Some example embodiments are based on the realization that for effective control of mechanical systems such as robots, an accurate model of the dynamics of such a mechanical system is required. The model of dynamics is a mathematical model including equations which define dynamics of the mechanical system. The model of dynamics may be a model of forward dynamics that connects control commands and current states of the different actuators to transitioned states of the different actuators achieved by executing the control commands. Alternately, the model of dynamics may be a model of inverse dynamics that maps the current states and the transitioned states of the different actuators to corresponding torques for the different actuators. For efficient control of such systems, one approach is to use the model of inverse dynamics of the mechanical system since the model of inverse dynamics enables controlling of the mechanical system. The model of inverse dynamics expresses joint torques as a function of joint positions, velocities and accelerations. It is an object of some embodiments to control a mechanical system using a model of inverse dynamics. In this regard, it is also an objective of some embodiments to derive an accurate inverse dynamics model of the mechanical system. The mechanical system may be a robotic system having different actuators and multiple degrees of freedom to track a reference trajectory for performing a task. For example, the robotic system may be a manipulator configured to track the reference trajectory for performing a task of moving an object to a target location. The robotic manipulator includes joints and links. Each joint is actuated by an actuator such as an electric motor.
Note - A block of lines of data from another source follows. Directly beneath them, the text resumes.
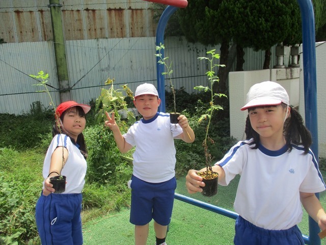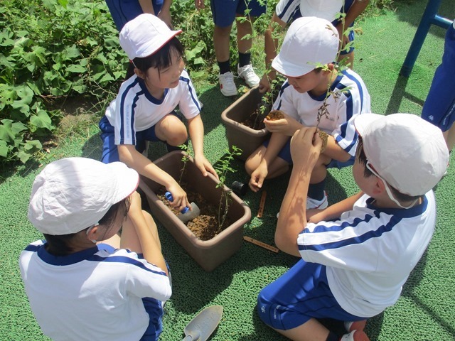 小学校では先日、4年生が「キクタニギク」の苗を京阪園芸より受け取り、栽培を開始しています。
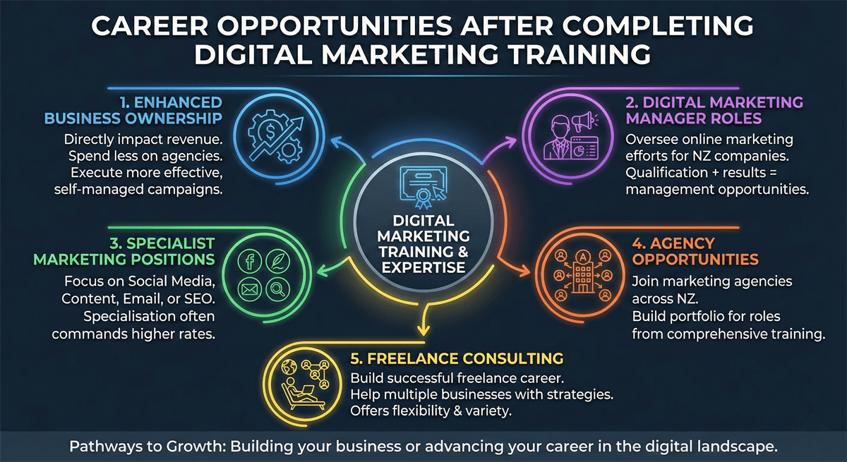 Choosing the right digital marketing course in New Zealand can feel overwhelming. With so many options promising to teach you everything from social media marketing to email marketing, how do you know which qualification will actually help your small business thrive?
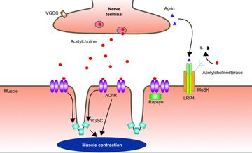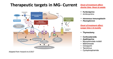 Dr Channa Hewamadduma opened his presentation on some of the new and emerging therapies for MG with a brief overview of the many forms of MG, some diagnostic tests, and a quick reminder of the pathophysiology - using the figure from Howard (2017).
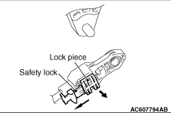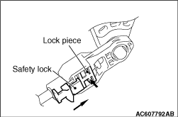 4.Pulling the select cable slightly towards the cabin side, press in the lock piece of the

A motion given by the actuator makes the link attached to the joint move.
Generally, an accurate physical model of the inverse dynamics of such mechanical systems is difficult and time-consuming to generate. Conventional model-based approaches which derive parametric models directly from first principles of physics are often limited in performance by both the presence of parametric uncertainty and the inability to describe certain complex dynamics typical of real systems, such as motor friction or joint elasticity. Accordingly, it is advantageous to utilize machine learning-based approaches for deriving inverse dynamics models of such systems. Some machine learning-based approaches in this regard are mainly based on deep neural networks (NN) and Gaussian Process Regression (GPR). Some embodiments realized that in this context, both gray-box and black-box approaches may be suitable. Within gray-box techniques, a model-based component encoding the known dynamics may be combined with a data-driven one, which can compensate for modeling errors and unknown dynamical effects.
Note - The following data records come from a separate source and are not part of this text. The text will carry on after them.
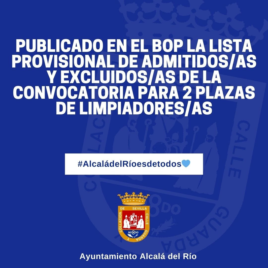 El Ayuntamiento de Alcalá del Río informa a la ciudadanía que hoy se ha publicado en el Boletín Oficial de la Provincia (BOP) la lista provisional de admitidos/as y excluidos/as correspondiente a la convocatoria para cubrir las 2 plazas de limpiadores/as.
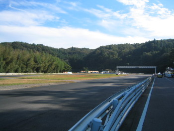 走行前でみなさんボンネット内のチェック中?/1コーナーから駐車場方面を臨む・・・
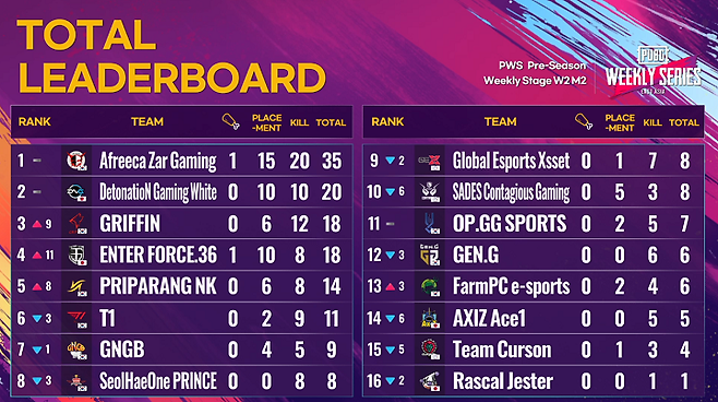 [PWS] 아프리카 자르 게이밍, 밀베 지배하며 에란겔 선두 차지

However, it is a realization of some embodiments that the performance of these methods strongly depends on the effectiveness of the model-based component, so they still require to derive sufficiently accurate physical models, which might be particularly time-consuming and complex if some parameters are unknown or not known precisely. In contrast, pure black-box methods learn inverse dynamics models directly from experimental data, without requiring deep knowledge of the underlying physical system. Despite their ability to approximate even complex non-linear dynamics, pure black-box methods typically suffer from low data efficiency and poor generalization properties: learned models require a large amount of samples to be trained and extrapolate only within a neighborhood of the training trajectories.
Some embodiments realized that to overcome the aforementioned limitations of black-box techniques in the context of NN and for the GPR framework, a promising class of solutions is represented by Physics Informed Learning (PIL), which proposes to embed insights from physics as a prior in black-box models. Instead of learning the inverse dynamics in an unstructured manner, which makes the problem unnecessarily complex, some embodiments embed physical properties in the model to improve generalization and data efficiency. Accordingly, some embodiments provide a PIL model for inverse dynamics identification of mechanical systems based on GPR. A standard approach for applying GPR to the inverse dynamics identification involves modeling each joint torque directly with a distinct Gaussian Process (GP), assuming the GPs independent of one another given the current joint position, velocity, and acceleration. However, some embodiments realized that such single-output approaches ignore the correlations between the different joint torques imposed by the Lagrangian equations, which in turn limits generalization and data efficiency.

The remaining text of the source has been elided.